# Exercise
Repeat every line from the line containing "Écharpe carrée pour" to the end of the data, exactly. Leave the pictures out.

# Records from a data collection
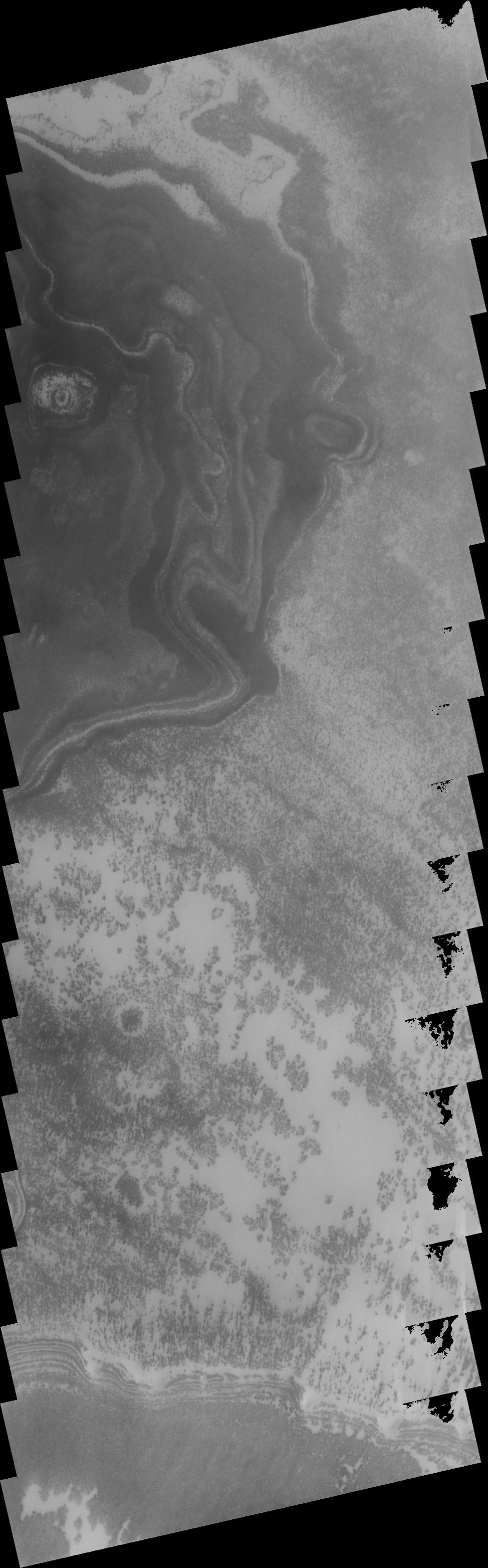 This image shows just one example of the bright and dark markings that appear during summer time. The marks are related to the polar layers. If you happen to see a wild-eyed guy sticking his tongue out at you, you'll know why this image qualifies for the old "art" category of THEMIS releases.
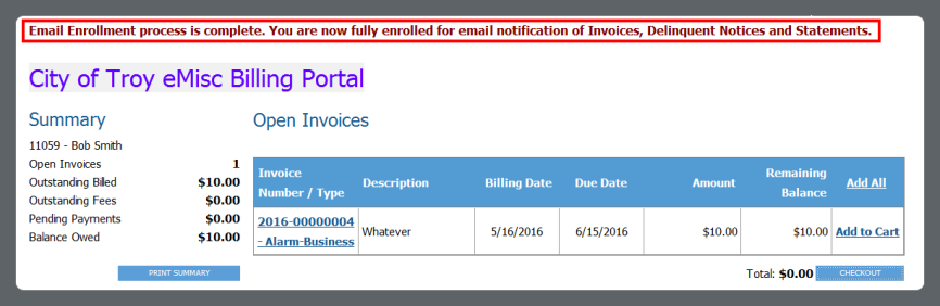 Partially Enrolled and the customer will be automatically sent a “Welcome/Confirmation” email message. The message will include a link that the user must click to confirm and complete enrollment. When the link is clicked, the login page of the eMiscellaneous Billing logon page will open. When the user logs in, the Summary page will display a message informing the customer that they have been successfully enrolled. The Account Info and Email Enrollment tabs will both show an Enrollment Status of Fully Enrolled.
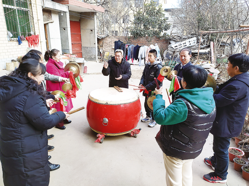 “紫荊鼓樂雖是地方民間音樂,卻深受當(dāng)?shù)乩习傩障矏邸7昴赀^(guò)節(jié)或是群眾祝壽的喜慶時(shí)刻,一通咚咚作響的鑼鼓聲響起,村里男女老少聞聲趕來(lái)湊熱鬧,聽一聽這鼓樂,大家就會(huì)心情舒暢。”2月13日,郭錄勛滿臉笑意地說(shuō),他自幼便對(duì)鼓樂情有獨(dú)鐘,從爺爺手中接過(guò)鼓槌后,不知不覺已敲了50多年。
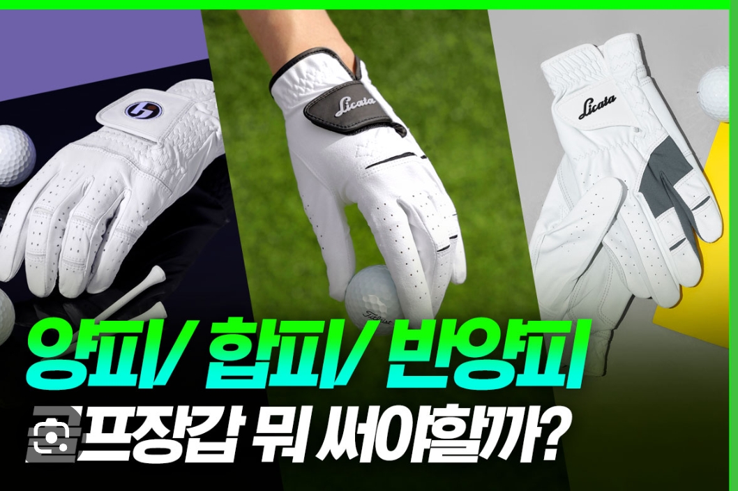 골프장갑은 크게 양피와 합피로 나뉜다. 양피 장갑은 천연가죽으로 만들어져 부드럽고 손에 붙는 감각이 뛰어나다. 손가락 움직임이 자연스럽고 미세한 손맛을 느끼기에 유리해 상급자가 선호한다. 다만 땀과 습기에 약하고 내구성이 낮아 금방 닳는다는 단점이 있다. 반면 합피 장갑은 인조가죽으로 만들어져 내구성이 강하고 비·땀·습기에 강하다. 마찰력도 높아 그립이 흔들리는 초보에게 훨씬 안정적이다. 단, 손에 감기는 촉감은 양피에 비해 다소 떨어질 수 있다. 요약하면 양피는 감각·부드러움, 합피는 실전 내구성과 안정성이 강점이다.
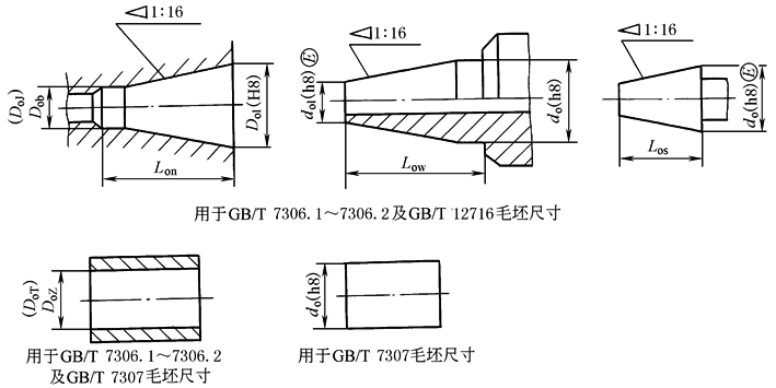 注:1.本标准适用于切制管螺纹或圆锥管螺纹前的毛坯尺寸。 2.引用标准:GB/T 7306.1~7306.2《55°密封管螺纹》;GB/T 7307《非螺纹密封的管螺纹》;GB/T 12716《60°圆锥管螺纹》。 3.当内螺纹底径由车(镗)削制出时,其公差代号规定为H10。 4.本标准中各项尺寸均不包括螺纹倒角。 |
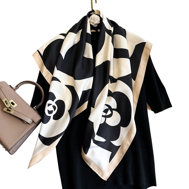 Écharpe carrée pour femmes 90 x 90 cm Motif floral Accessoire léger et élégant en polyester Écharpe stylée avec un motif floral délicat pour un port quotidien et festif
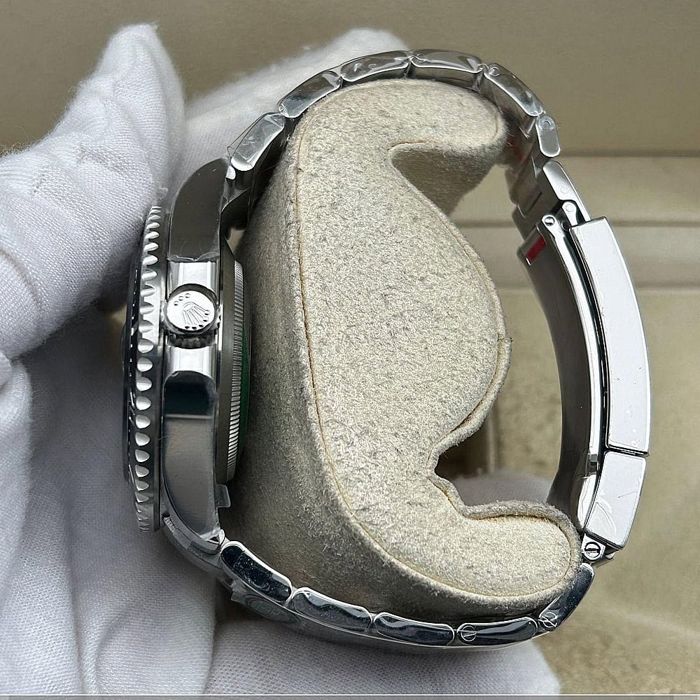 風防:透明度と耐摩耗性を象徴とする高反発サファイアを採用しています。正確な高さはセラミックリンクと調和して配置されており、2.5倍のサイクロプス・レンズを備えています。6時のところにはレザー刻印によるロレックス王冠ロゴがあります。
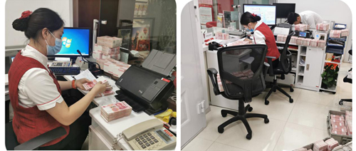 當日中信銀行鄭州分行營業網點三個柜臺均開放,對公柜臺下午預約開戶、銷戶、變更業務已排滿,兩個綜合柜臺面對等待客戶也并未休息。中信銀行鄭州分行工作人員在了解情況后,當即表示讓客戶放心,一旦其他窗口有空閑,將安排兩個窗口清點,一定會將款項及時存入賬戶。隨后,工作人員在對經辦客戶身份聯網核查核實無誤后開始清點現金,同時工作人員及時將調繳款箱調至網點,保證晚上款箱充足。
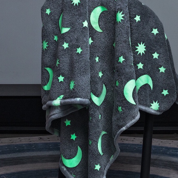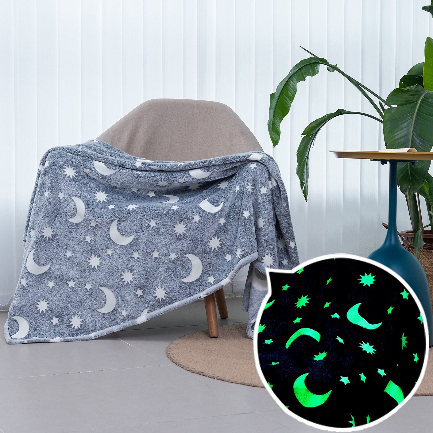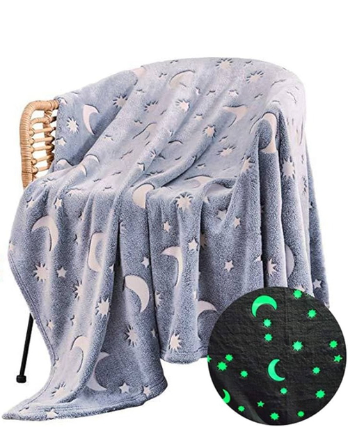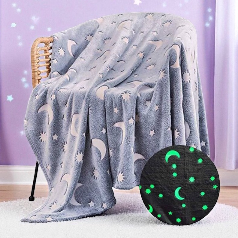 Pătură fosforescentă cu stele și lună – Confort și magie în fiecare noapte!
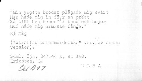 //// "Min yngsta broder plågade mig svårt Han hade mig in f'6\r en präst Så slöt han henne 'i band och bojor Gud nåde mig armaste fånrfje»" //// x) mig //// ("Straffad barnamörderska" var»/av annan version)« //// Sdml. Öja, 347:44 b, s. 190. Ericsson, G, //// ULMA //// k t !U.' V åä: i -tr./ 't.' / Å < . - iitXl ¦ :: to ¦ ////
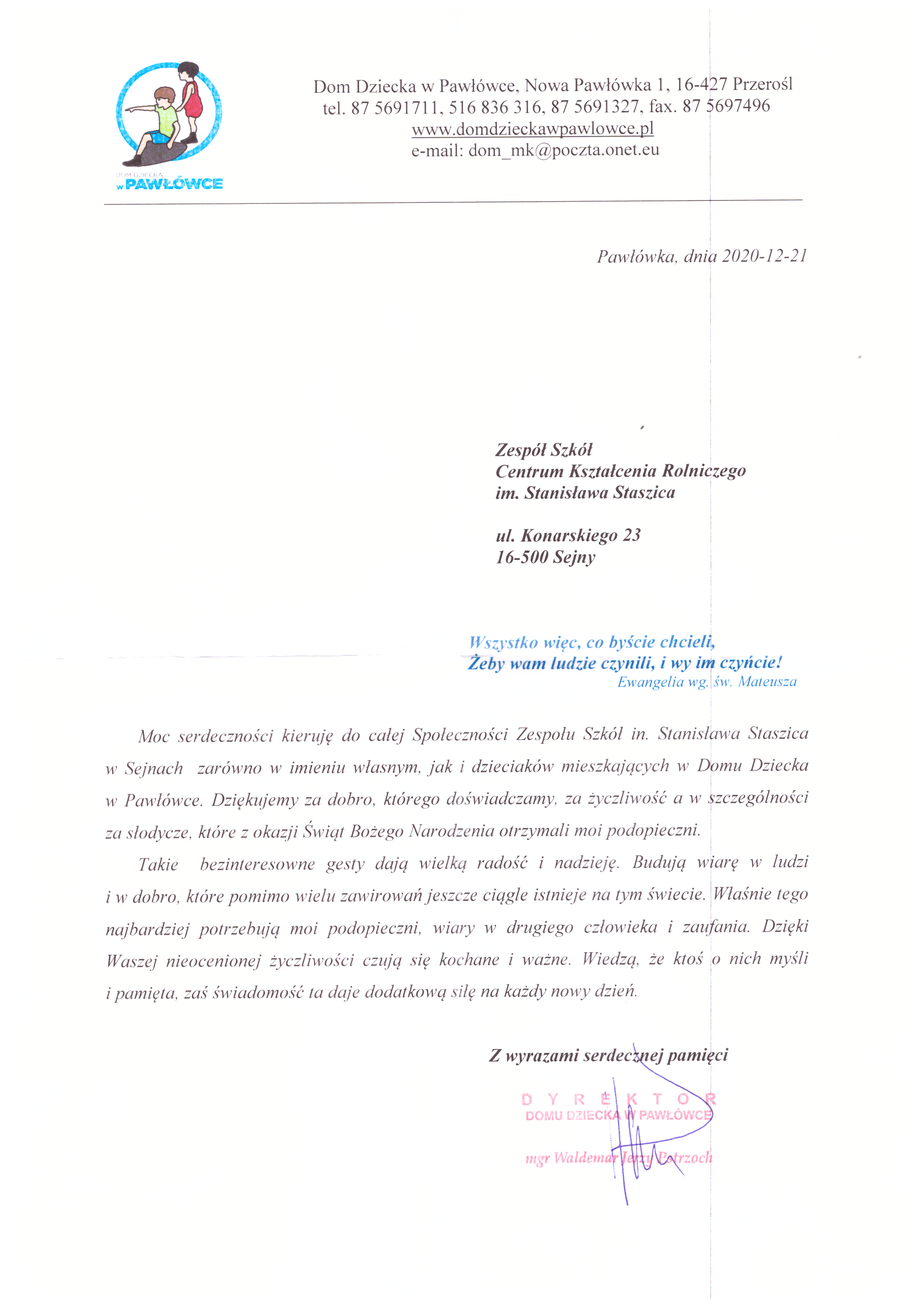 21 grudnia zakończyła się zbiórka słodkości dla dzieci przebywających w Domu Dziecka w Pawłówce. Tego samego dnia za sprawą pani pedagog upominki trafiły do adresatów.

# Result of the task
 Écharpe carrée pour femmes 90 x 90 cm Motif floral Accessoire léger et élégant en polyester Écharpe stylée avec un motif floral délicat pour un port quotidien et festif
 風防:透明度と耐摩耗性を象徴とする高反発サファイアを採用しています。正確な高さはセラミックリンクと調和して配置されており、2.5倍のサイクロプス・レンズを備えています。6時のところにはレザー刻印によるロレックス王冠ロゴがあります。
 當日中信銀行鄭州分行營業網點三個柜臺均開放,對公柜臺下午預約開戶、銷戶、變更業務已排滿,兩個綜合柜臺面對等待客戶也并未休息。中信銀行鄭州分行工作人員在了解情況后,當即表示讓客戶放心,一旦其他窗口有空閑,將安排兩個窗口清點,一定會將款項及時存入賬戶。隨后,工作人員在對經辦客戶身份聯網核查核實無誤后開始清點現金,同時工作人員及時將調繳款箱調至網點,保證晚上款箱充足。
 Pătură fosforescentă cu stele și lună – Confort și magie în fiecare noapte!
 //// "Min yngsta broder plågade mig svårt Han hade mig in f'6\r en präst Så slöt han henne 'i band och bojor Gud nåde mig armaste fånrfje»" //// x) mig //// ("Straffad barnamörderska" var»/av annan version)« //// Sdml. Öja, 347:44 b, s. 190. Ericsson, G, //// ULMA //// k t !U.' V åä: i -tr./ 't.' / Å < . - iitXl ¦ :: to ¦ ////
 21 grudnia zakończyła się zbiórka słodkości dla dzieci przebywających w Domu Dziecka w Pawłówce. Tego samego dnia za sprawą pani pedagog upominki trafiły do adresatów.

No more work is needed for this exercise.